His words were full of conviction, and I found myself agreeing with him on the value of learning and understanding other cultures. Without that, harmony and prosperity are impossible.
So, are there opportunities for more business to be done between our two cities?
“Business is, of course, very important to both Uji and to Japan and, therefor it’s definitely something that we can think about as we continue to develop our relationship,” said the mayor.
“However, I would hasten to add that we can’t focus only on business because there are many other opportunities within the context of the Sister City agreement so it’s important that we pursue those as well.”
He wasn’t being evasive; he was saying that we’re in this for the long haul, that it’s still developing. He was, I think, advocating patience.
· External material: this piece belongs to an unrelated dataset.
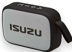
Jive Bluetooth Speaker $23.00ea
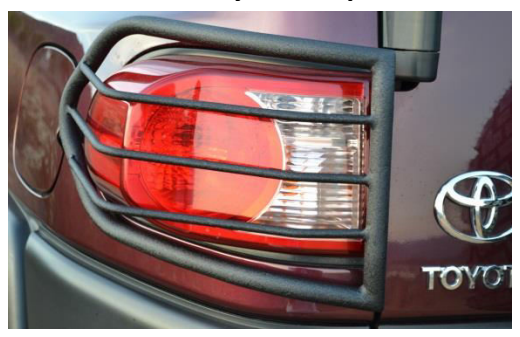
FJ-7135 Taillight guards

To us North Americans, of course, it’s all about hurry. I’m a big supporter of our friendship with Uji, and I don’t think it should live or die based on economics. Maybe the Changping Agreement stalled because of that very reason, that there wasn’t enough attention paid to building solid foundations of mutual understanding.
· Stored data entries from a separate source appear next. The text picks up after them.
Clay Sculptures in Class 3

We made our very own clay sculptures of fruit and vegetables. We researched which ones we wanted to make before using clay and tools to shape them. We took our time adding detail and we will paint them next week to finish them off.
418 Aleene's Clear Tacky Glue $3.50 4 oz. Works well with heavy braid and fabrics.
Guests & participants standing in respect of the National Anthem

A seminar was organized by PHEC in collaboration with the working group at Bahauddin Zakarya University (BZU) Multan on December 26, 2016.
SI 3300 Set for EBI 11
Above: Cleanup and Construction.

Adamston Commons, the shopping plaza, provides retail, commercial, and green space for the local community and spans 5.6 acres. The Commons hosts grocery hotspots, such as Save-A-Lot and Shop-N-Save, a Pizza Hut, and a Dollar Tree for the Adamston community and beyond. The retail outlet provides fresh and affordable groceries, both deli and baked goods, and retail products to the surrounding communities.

Yet, it’s also true that a good cultural relationship is good for business, and vice versa. We’re still working on the first — Uji and Kamloops are great friends, but not big business partners.
There’s also the political reality that an arrangement in which taxpayers pay for politicians to travel around the world building friendships is more palatable if some business is being done and some jobs being created.
As I tell CBC Daybreak Kamloops host Shelley Joyce on radio today, though, the future may yet bring us to that business connection. Jacob is a perfect example of the way the stars can be brought into alignment by such relationships.
I happened to be mayor when the 10-year renewal with Uji was signed. I went to Uji. Jacob came with us. Because he happened to be the son of a mayor who happened to go to Uji because of a Sister Cities agreement, he is now, in his 20s, an ambassador between the two cities. He’s made many friends in Uji. His ambition is to live and work for a corporation in Japan.
Similar stories play out year after year at TRU because of its emphasis on international exchange students, which couldn’t exist if not under the umbrella of culture-based agreements.
Those individual stories and one-on-one connections are capable of building both cultural and business ties that go way beyond signing a piece of paper and exchanging delegations.
So, is being the Sister City of Uji, Japan, worth it? I say it is.
I could not agree with you more, that this is a long term relationship based on mutual interests. These relationships must be first built on a firm foundation.